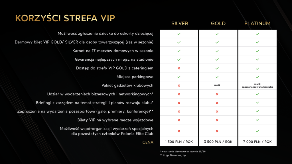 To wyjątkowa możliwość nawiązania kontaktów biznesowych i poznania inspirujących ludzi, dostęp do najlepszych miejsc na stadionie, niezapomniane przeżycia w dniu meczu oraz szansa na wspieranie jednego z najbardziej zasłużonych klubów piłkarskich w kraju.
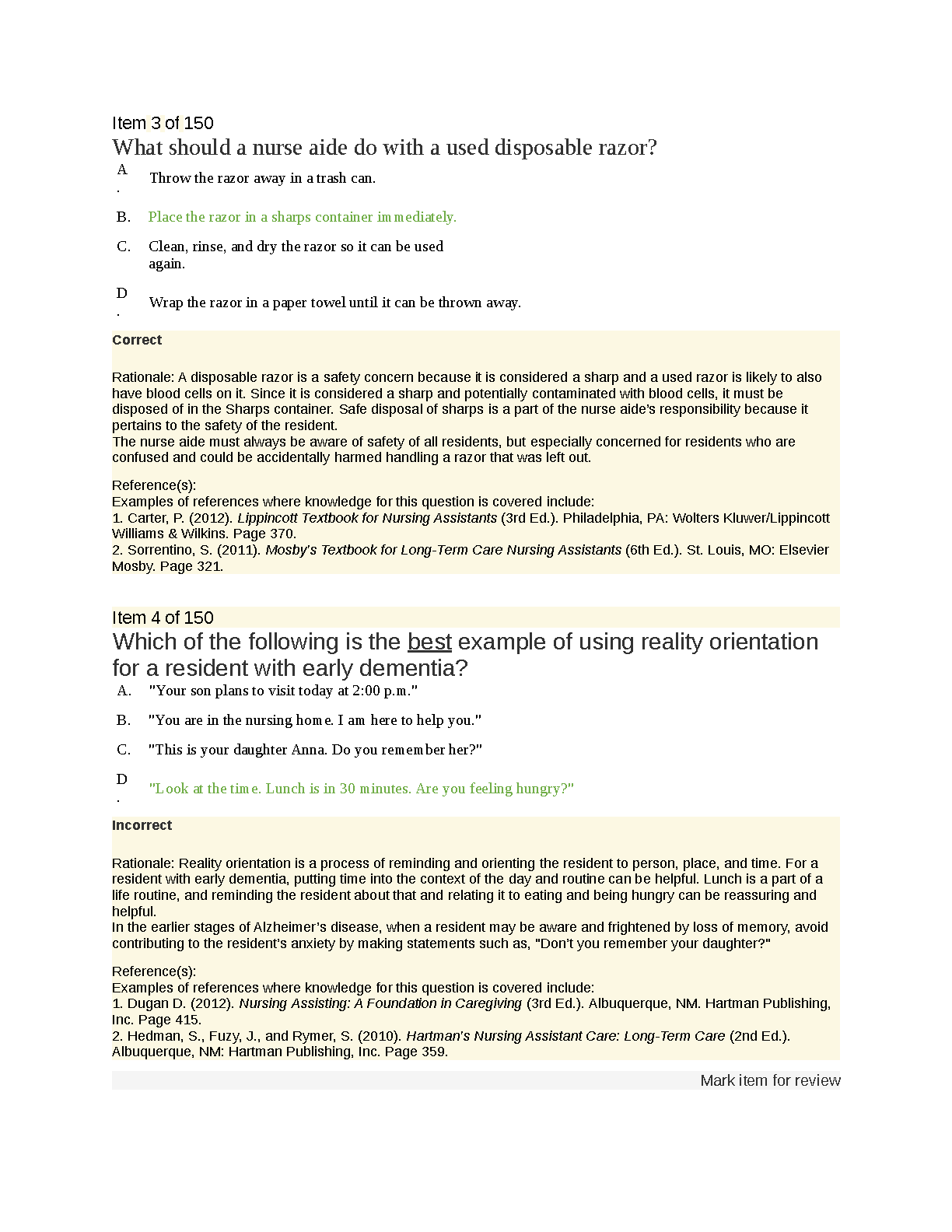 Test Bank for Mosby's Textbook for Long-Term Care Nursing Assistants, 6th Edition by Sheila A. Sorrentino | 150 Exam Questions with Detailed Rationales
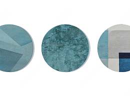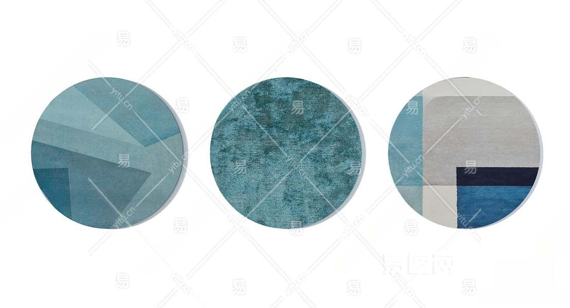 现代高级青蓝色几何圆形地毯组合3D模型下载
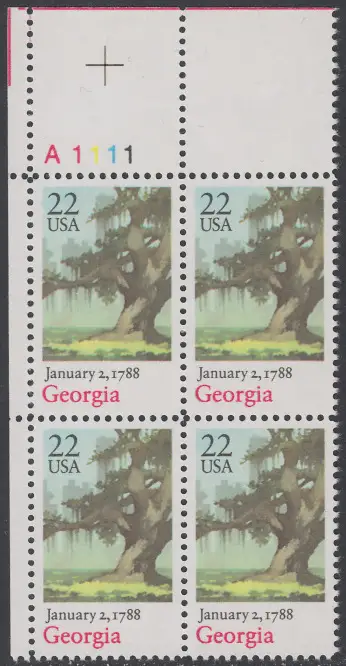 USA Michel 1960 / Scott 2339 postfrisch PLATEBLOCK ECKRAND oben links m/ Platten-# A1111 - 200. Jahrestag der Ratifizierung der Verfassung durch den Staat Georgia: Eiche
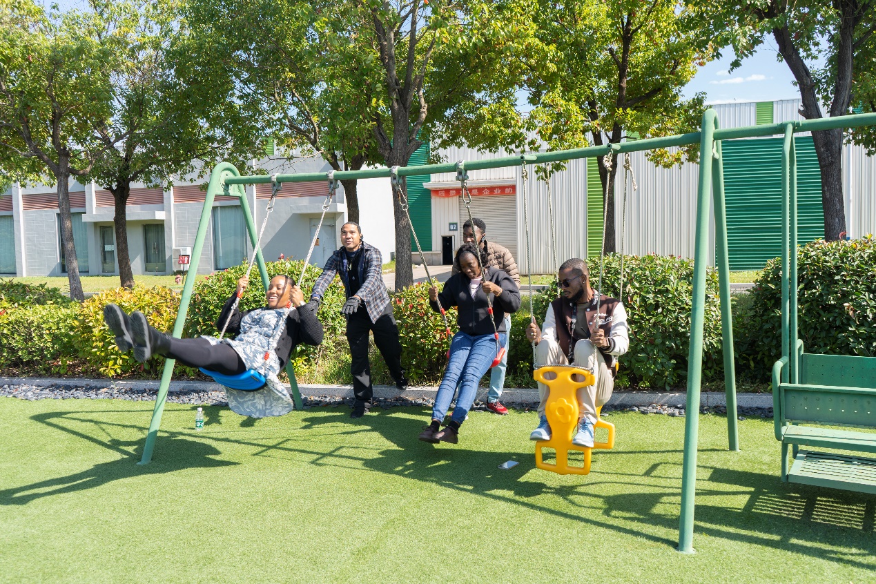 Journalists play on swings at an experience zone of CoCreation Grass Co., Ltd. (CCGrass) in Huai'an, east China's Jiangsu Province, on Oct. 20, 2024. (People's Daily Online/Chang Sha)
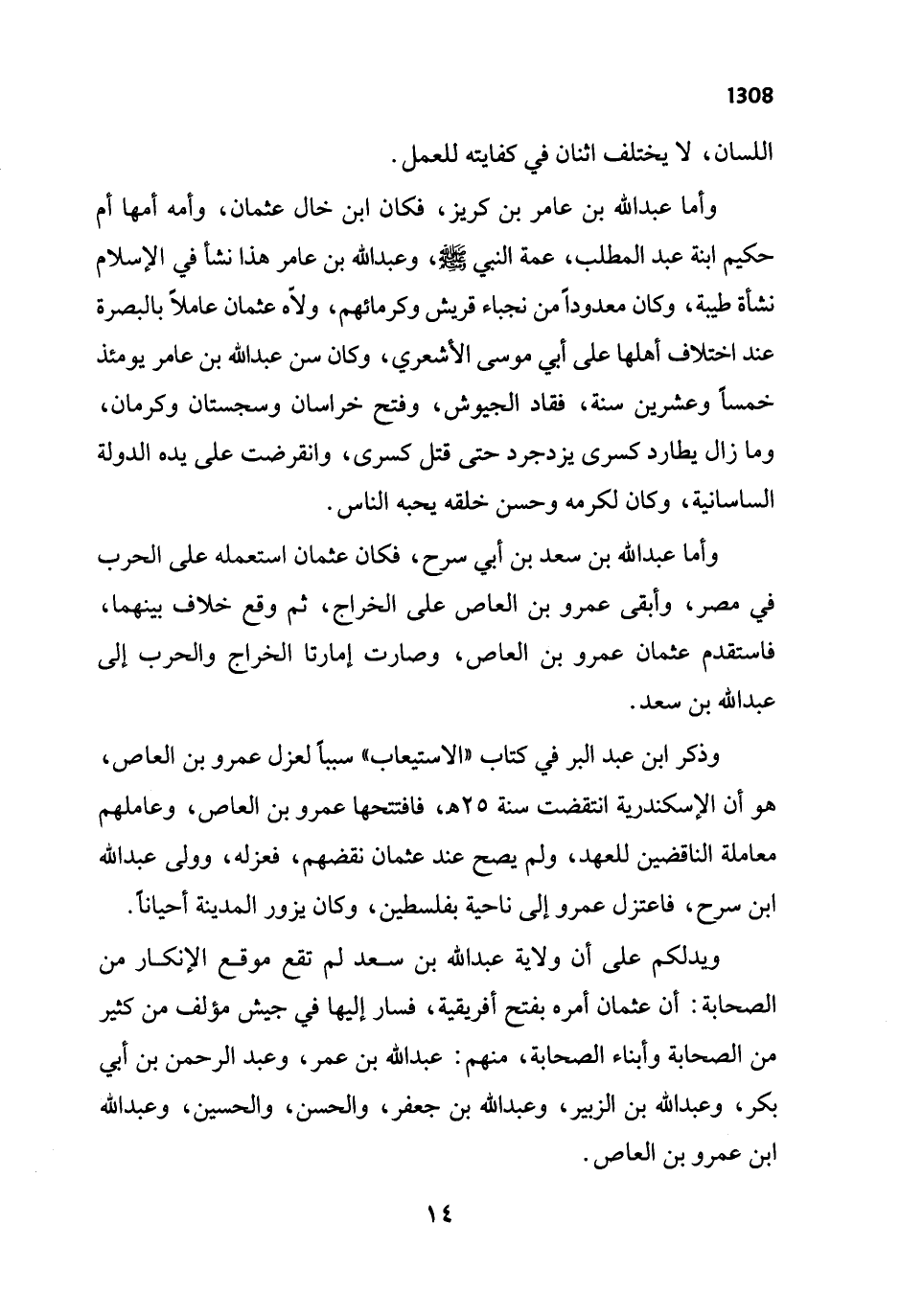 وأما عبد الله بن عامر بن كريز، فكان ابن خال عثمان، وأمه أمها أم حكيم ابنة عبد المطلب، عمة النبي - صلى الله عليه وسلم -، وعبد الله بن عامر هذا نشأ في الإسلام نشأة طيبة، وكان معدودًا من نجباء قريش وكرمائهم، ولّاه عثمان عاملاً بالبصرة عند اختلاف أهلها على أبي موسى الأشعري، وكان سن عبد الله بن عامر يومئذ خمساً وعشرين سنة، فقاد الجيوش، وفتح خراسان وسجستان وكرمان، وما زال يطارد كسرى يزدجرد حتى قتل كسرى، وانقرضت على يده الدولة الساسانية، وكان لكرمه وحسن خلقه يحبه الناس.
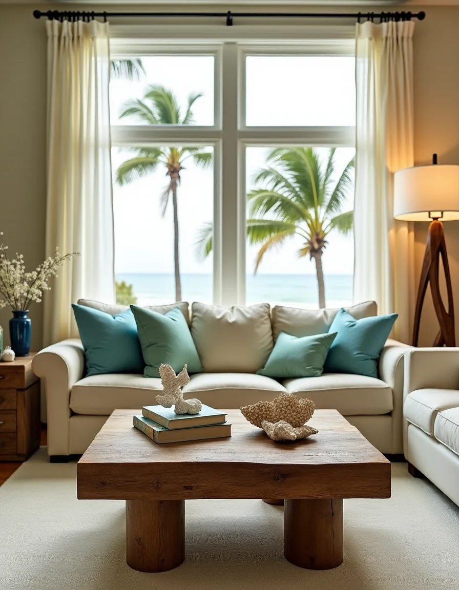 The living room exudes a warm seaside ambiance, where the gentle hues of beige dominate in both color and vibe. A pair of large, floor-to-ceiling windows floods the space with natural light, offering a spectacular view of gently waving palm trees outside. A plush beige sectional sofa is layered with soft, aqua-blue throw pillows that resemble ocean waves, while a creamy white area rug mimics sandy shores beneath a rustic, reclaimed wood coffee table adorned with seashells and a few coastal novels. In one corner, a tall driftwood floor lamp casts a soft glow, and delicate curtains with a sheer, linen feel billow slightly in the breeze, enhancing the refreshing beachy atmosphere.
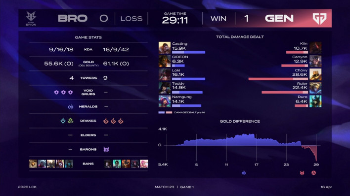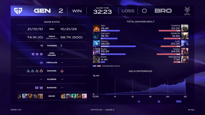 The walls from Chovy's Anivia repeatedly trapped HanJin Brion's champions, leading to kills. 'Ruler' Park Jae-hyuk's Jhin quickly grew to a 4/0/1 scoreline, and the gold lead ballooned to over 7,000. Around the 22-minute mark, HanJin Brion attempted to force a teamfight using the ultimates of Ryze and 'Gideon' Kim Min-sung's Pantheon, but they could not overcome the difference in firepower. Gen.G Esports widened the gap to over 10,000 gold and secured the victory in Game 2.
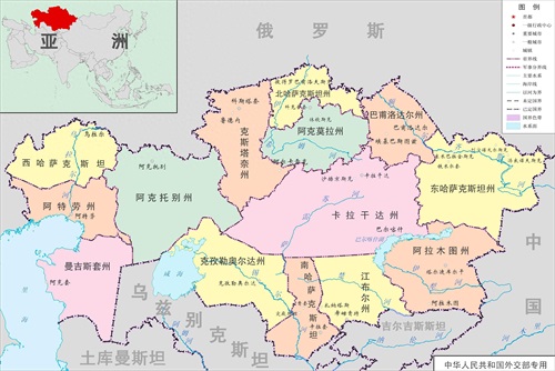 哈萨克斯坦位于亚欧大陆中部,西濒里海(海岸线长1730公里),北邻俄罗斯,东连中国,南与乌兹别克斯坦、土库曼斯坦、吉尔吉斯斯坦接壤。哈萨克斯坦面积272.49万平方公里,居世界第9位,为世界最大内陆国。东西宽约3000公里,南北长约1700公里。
---------------
**Requirement:**
Take the records from their first line through the line containing "وأما عبد الله" and please return exactly those lines, both ends included, minus the pictures.

**Solution for this problem:**
 To wyjątkowa możliwość nawiązania kontaktów biznesowych i poznania inspirujących ludzi, dostęp do najlepszych miejsc na stadionie, niezapomniane przeżycia w dniu meczu oraz szansa na wspieranie jednego z najbardziej zasłużonych klubów piłkarskich w kraju.
 Test Bank for Mosby's Textbook for Long-Term Care Nursing Assistants, 6th Edition by Sheila A. Sorrentino | 150 Exam Questions with Detailed Rationales
 现代高级青蓝色几何圆形地毯组合3D模型下载
 USA Michel 1960 / Scott 2339 postfrisch PLATEBLOCK ECKRAND oben links m/ Platten-# A1111 - 200. Jahrestag der Ratifizierung der Verfassung durch den Staat Georgia: Eiche
 Journalists play on swings at an experience zone of CoCreation Grass Co., Ltd. (CCGrass) in Huai'an, east China's Jiangsu Province, on Oct. 20, 2024. (People's Daily Online/Chang Sha)
 وأما عبد الله بن عامر بن كريز، فكان ابن خال عثمان، وأمه أمها أم حكيم ابنة عبد المطلب، عمة النبي - صلى الله عليه وسلم -، وعبد الله بن عامر هذا نشأ في الإسلام نشأة طيبة، وكان معدودًا من نجباء قريش وكرمائهم، ولّاه عثمان عاملاً بالبصرة عند اختلاف أهلها على أبي موسى الأشعري، وكان سن عبد الله بن عامر يومئذ خمساً وعشرين سنة، فقاد الجيوش، وفتح خراسان وسجستان وكرمان، وما زال يطارد كسرى يزدجرد حتى قتل كسرى، وانقرضت على يده الدولة الساسانية، وكان لكرمه وحسن خلقه يحبه الناس.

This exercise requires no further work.